The reply should hold every line of the listing exactly, and none of its images.
○ ○ ○
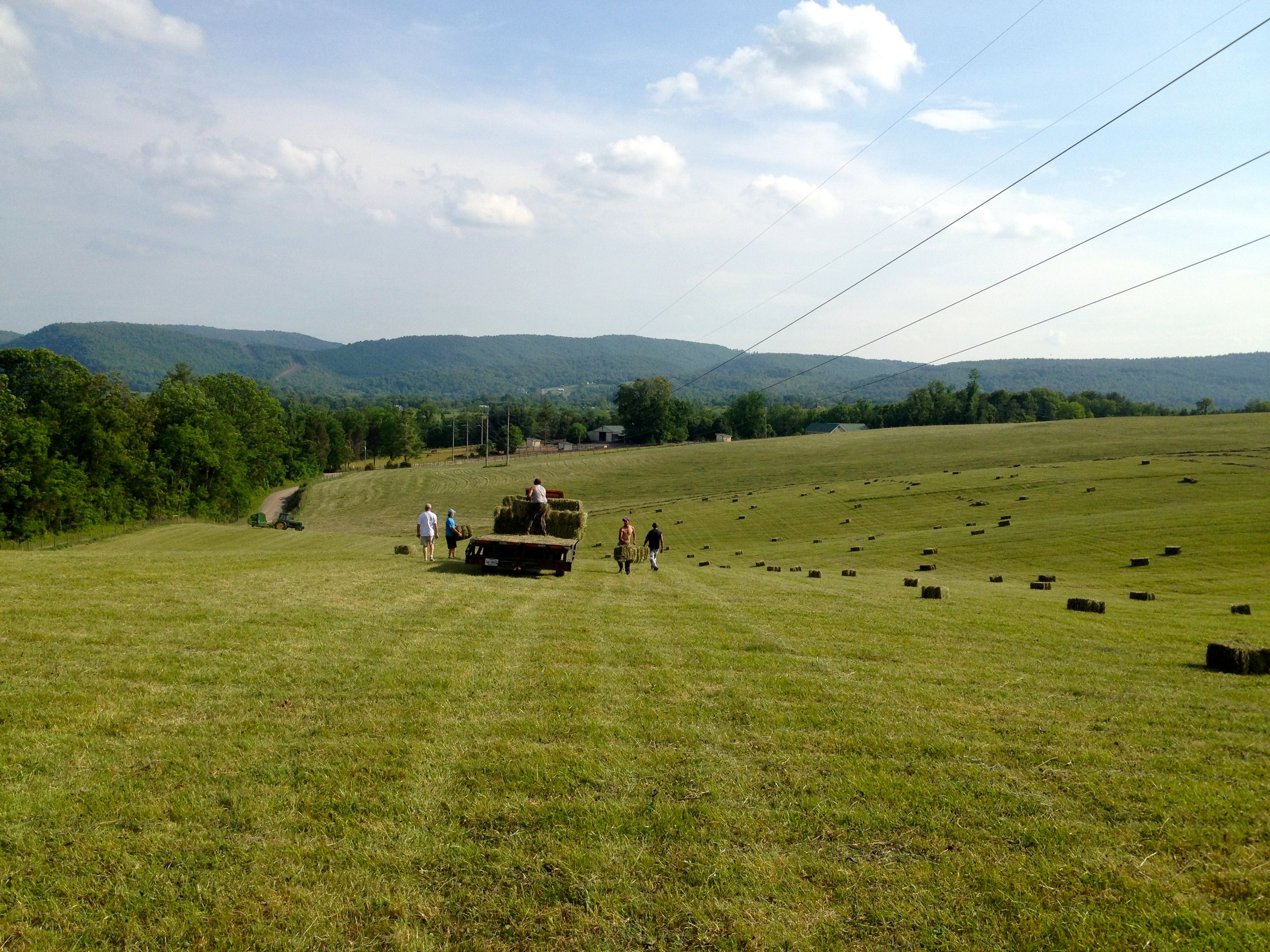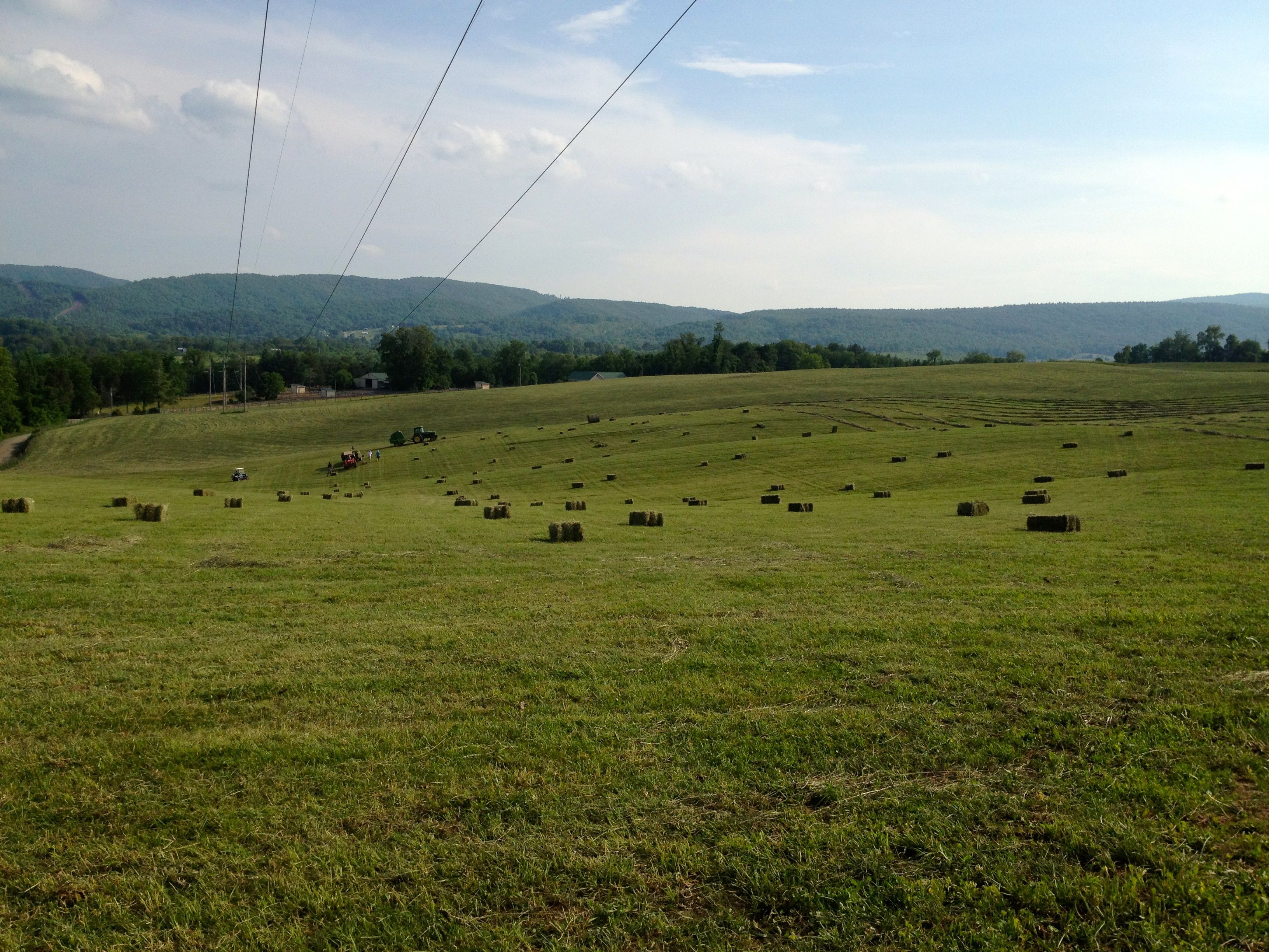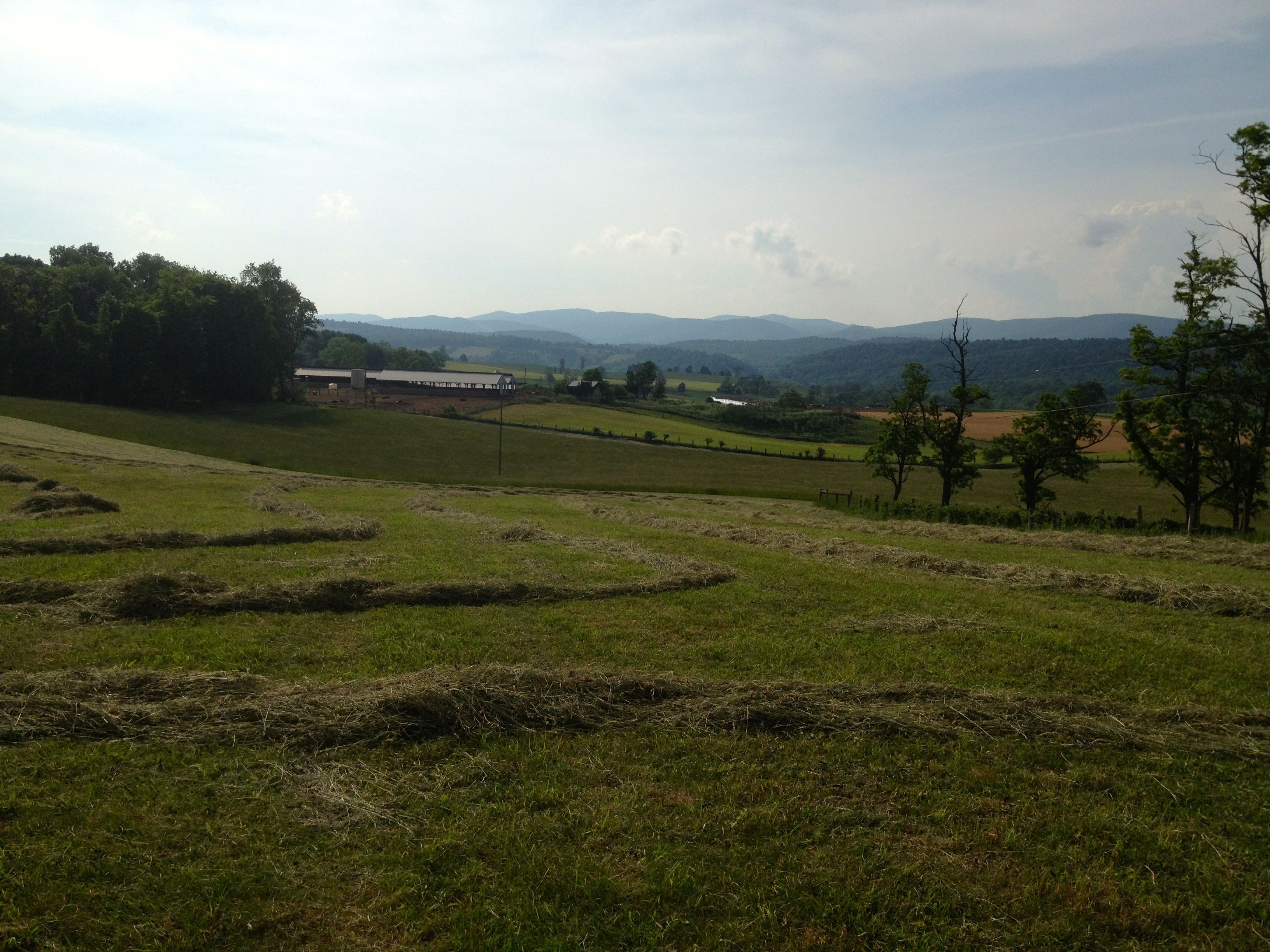 I went up to Penny’s barn to pick up my 6 bales for fresh grass hay. The big stack had fallen down. They have to restack the whole thing now. I had noted that it was leaning when they were stacking it yesterday, but as Penny says, a bunch of guys aint gonna listen to a woman. Inga Acres (I love her name, she hates it), her “old man” (he’s in his 20‘s and has fathered 4 kids and lost his drivers license due to not paying child support) and Glen (Ron’s alcoholic employee) worked on fixing the stack while Penny and I talked a while. Earlier she had said she was going to go ride, the guys threw the hay up in a mish mosh and left the barn. But she didn’t go ride and called them back to do it right. I really like her, she is such a capable woman. She and Ron ran a trip a couple weeks ago for a small group to do a 100 mile ride point to point (18-26/day). She’d haul all the rider’s stuff, set up camp and cook all the meals along their route. They ended up here at their camp. Its the VA Highlands trail I think. What a cool trip, but too many miles for me. We talked a bit about MS, dogs (long trail riding with dogs is hard on their hips, I didn’t know this), barefoot vs shoes and a bunch of other stuff. She doesn’t have kids, she would of been a great mother.
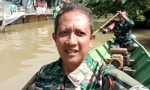 Danramil juga menjelaskan upaya penanganan masalah banjir ini yang dilakukan yaitu melakukan pendataan jumlah valid masyarakat yang terdampak banjir di wilayah, berkoordinasi dengan BPBD, Dinsos & Polsek setempat untuk mendirikan Posko Kesehatan dan Jalur Evakuasi korban terdampak banjir.
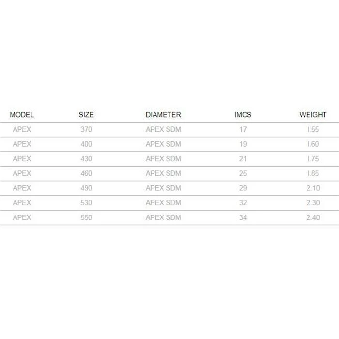 | Taille | 400, 430, 460, 490, 530, 550 |
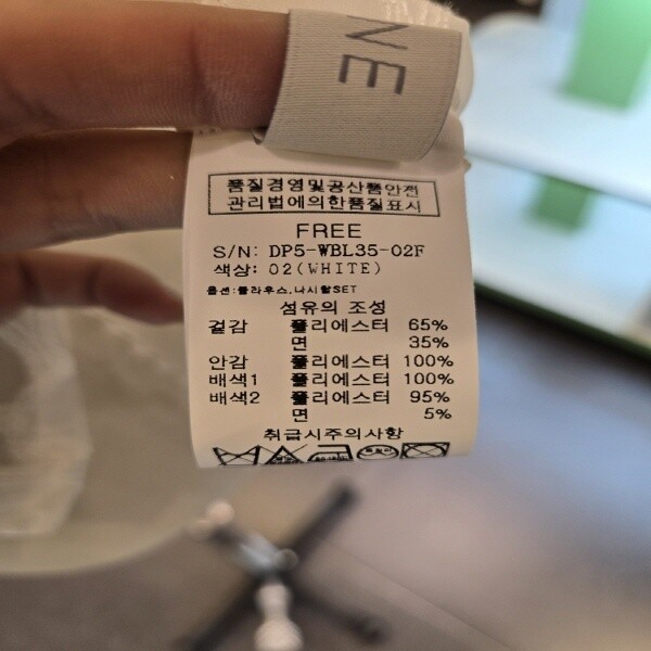 | 1. 제품 소재 (섬유의 조성 또는 혼용률을 백분율로 표시, 기능성인 경우 성적서 또는 허가서) | 폴리에스터65%,면35% |
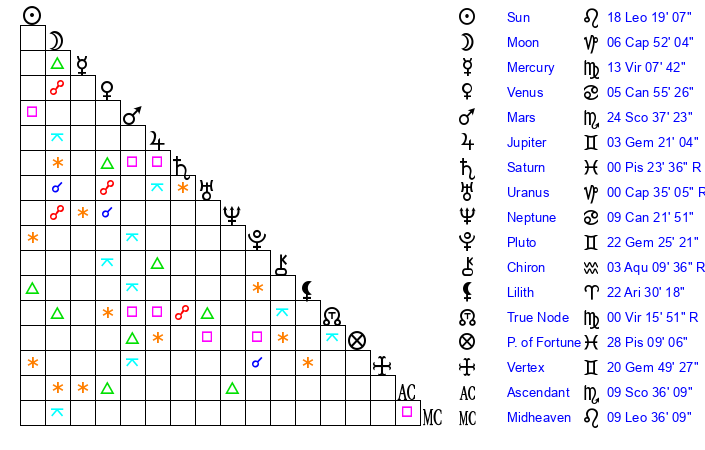 | Sun | 18 Leo 19 | 19 Leo 16 | 16 Sagittarius 59 |
○ ○ ○
FINAL ANSWER
 I went up to Penny’s barn to pick up my 6 bales for fresh grass hay. The big stack had fallen down. They have to restack the whole thing now. I had noted that it was leaning when they were stacking it yesterday, but as Penny says, a bunch of guys aint gonna listen to a woman. Inga Acres (I love her name, she hates it), her “old man” (he’s in his 20‘s and has fathered 4 kids and lost his drivers license due to not paying child support) and Glen (Ron’s alcoholic employee) worked on fixing the stack while Penny and I talked a while. Earlier she had said she was going to go ride, the guys threw the hay up in a mish mosh and left the barn. But she didn’t go ride and called them back to do it right. I really like her, she is such a capable woman. She and Ron ran a trip a couple weeks ago for a small group to do a 100 mile ride point to point (18-26/day). She’d haul all the rider’s stuff, set up camp and cook all the meals along their route. They ended up here at their camp. Its the VA Highlands trail I think. What a cool trip, but too many miles for me. We talked a bit about MS, dogs (long trail riding with dogs is hard on their hips, I didn’t know this), barefoot vs shoes and a bunch of other stuff. She doesn’t have kids, she would of been a great mother.
 Danramil juga menjelaskan upaya penanganan masalah banjir ini yang dilakukan yaitu melakukan pendataan jumlah valid masyarakat yang terdampak banjir di wilayah, berkoordinasi dengan BPBD, Dinsos & Polsek setempat untuk mendirikan Posko Kesehatan dan Jalur Evakuasi korban terdampak banjir.
 | Taille | 400, 430, 460, 490, 530, 550 |
 | 1. 제품 소재 (섬유의 조성 또는 혼용률을 백분율로 표시, 기능성인 경우 성적서 또는 허가서) | 폴리에스터65%,면35% |
 | Sun | 18 Leo 19 | 19 Leo 16 | 16 Sagittarius 59 |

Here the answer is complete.